I do not understand if I need the gravitational energy on the right side of my equation. And if I do, what would be the difference to the situation when the mass would be attached.

 

[PhanthomJay]

You don't have to split it into 2 parts, but it's OK to do so if you wish, at the risk of making errors due to the additional calculations involved. Yes, you do need the final Gravitational Potentiall Energy on the right hand side, since it surely exists with the 0 GPE point chosen at the start of the motion. If the mass is attached, both the elastic (spring) and gravitational final energies will be different than the unattached case, and you'll get a different final height.

 

[dba]

Ok, thank you. What I do not understand how I can set the gravitational potential energy zero at the start. It is mgy_1 and y_1 is not zero since the spring is not on the base. Can i just set a different base for the gravitational energy than for my spring potential energy?

 

[PhanthomJay]

Ok, thank you.
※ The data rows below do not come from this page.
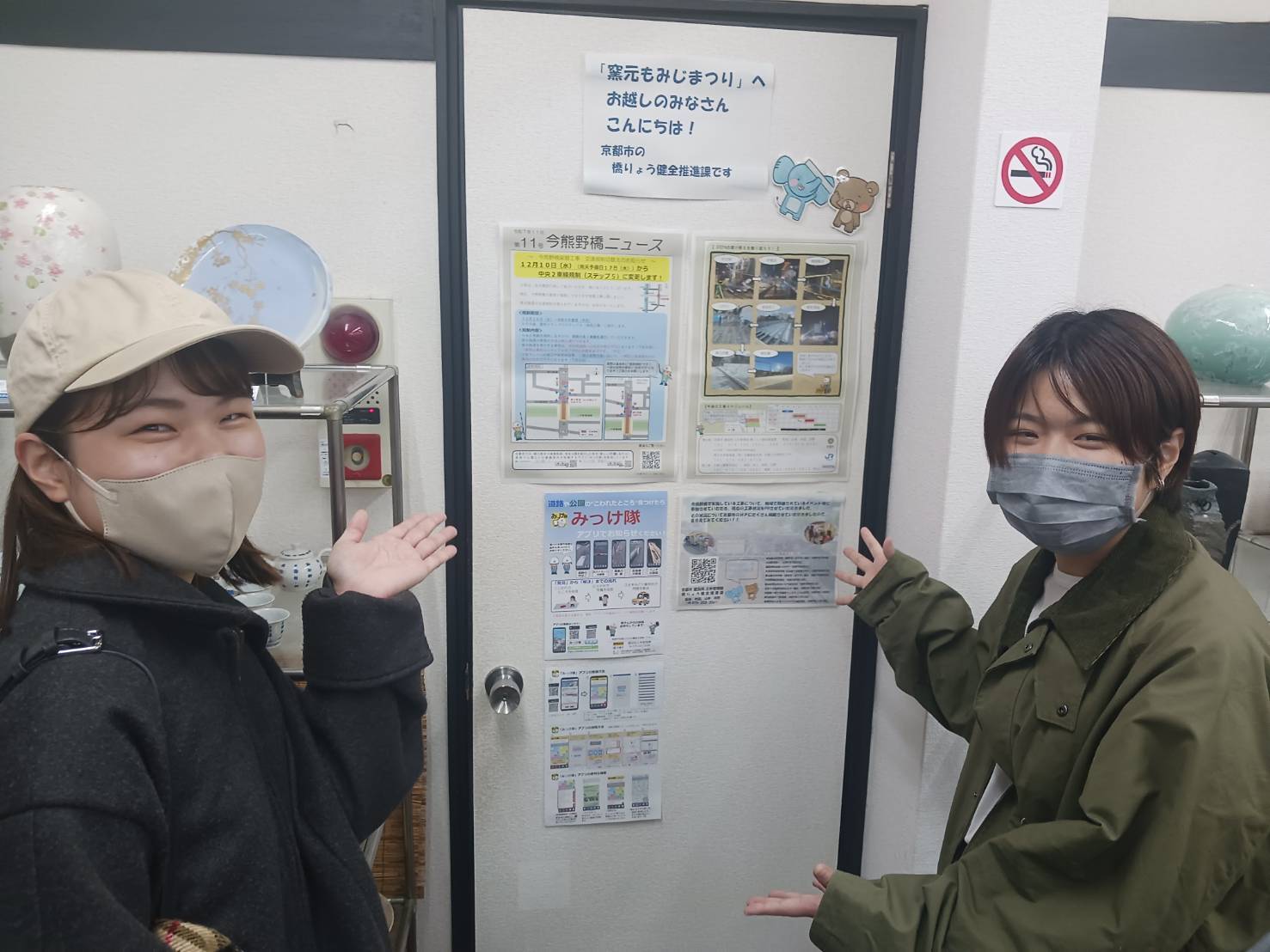 また、地域活性化の一環として、「コミュニティ・バンク京信」がボランティア活動を行っている「大谷中学・高等学校ハレジャ部」と連携して、会場案内等を手伝うことで、幅広い来客層と交流がなされました。京都市も「今熊野橋架替工事」に関して青窯会会館で「今熊野橋ニュース」等の展示や配架をすることで来場者へ広くPRしました。
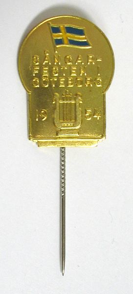 - Märkesnål i gulmetall och från Sångarfesten i Göteborg 1954. Nyckelhålsformigt märke med Svensk flagga i gult och blått överst och lyra underst samt texten SÅNGAR-FESTEN I GÖTEBORG 1954 däremellan. På baksidan fastlödd nål och tillverkarnamnet instämplat "CC Sporrong & Co".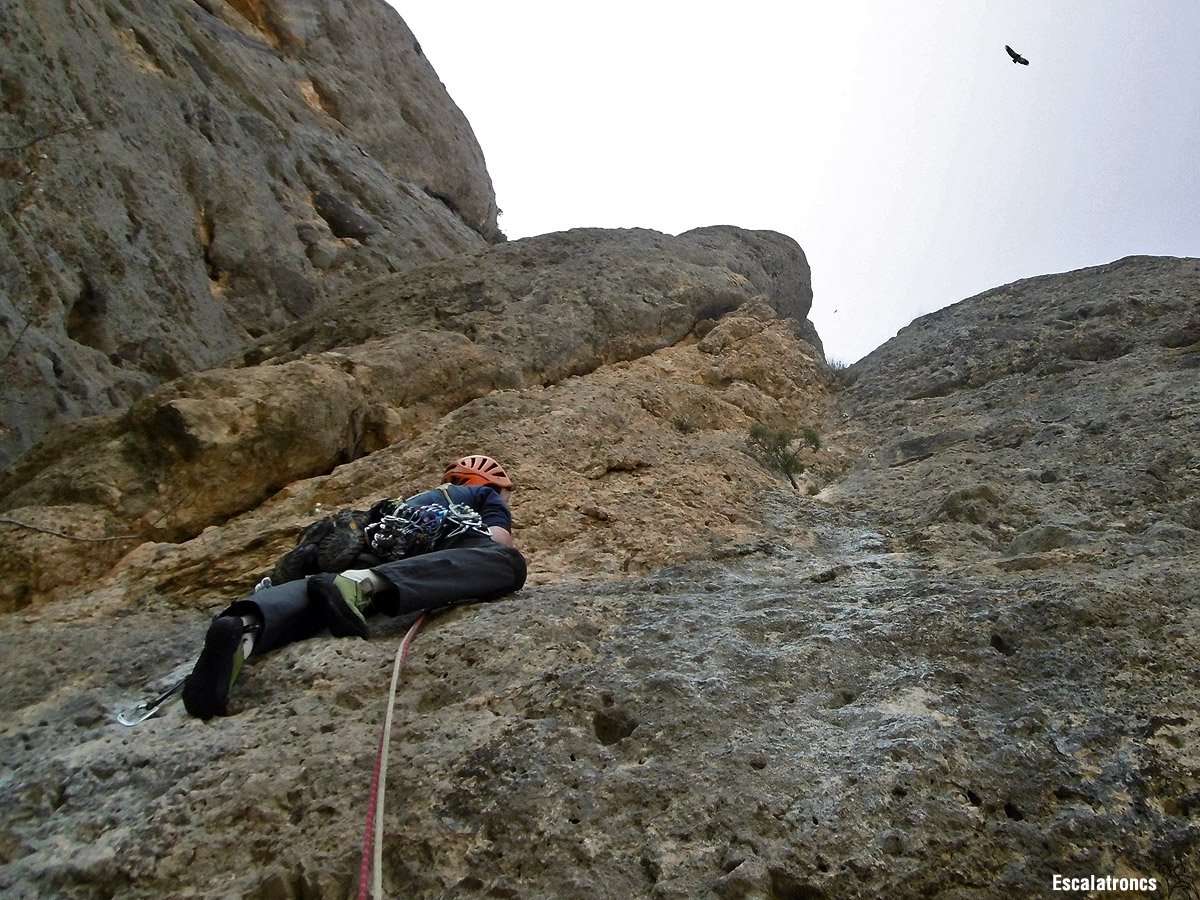 Totes les tirades són bones, i més si sortim per la variant d’en Castellet, un final de festa en placa que esdevé el colofó perfecte. La roca és singular, barreja de calcari i conglomerat, adherent i farcida de relleus i forats que faciliten la progressió. I tot plegat en un entorn altiu on es sent l’alè del Pirineu proper mentre els voltors observen complaents.

What I do not understand how I can set the gravitational potential energy zero at the start. It is mgy_1 and y_1 is not zero since the spring is not on the base. Can i just set a different base for the gravitational energy than for my spring potential energy?

Yes, it's the change in gravitational potential energy that's important, so you can set the 0 point anywhere and get the same overall results.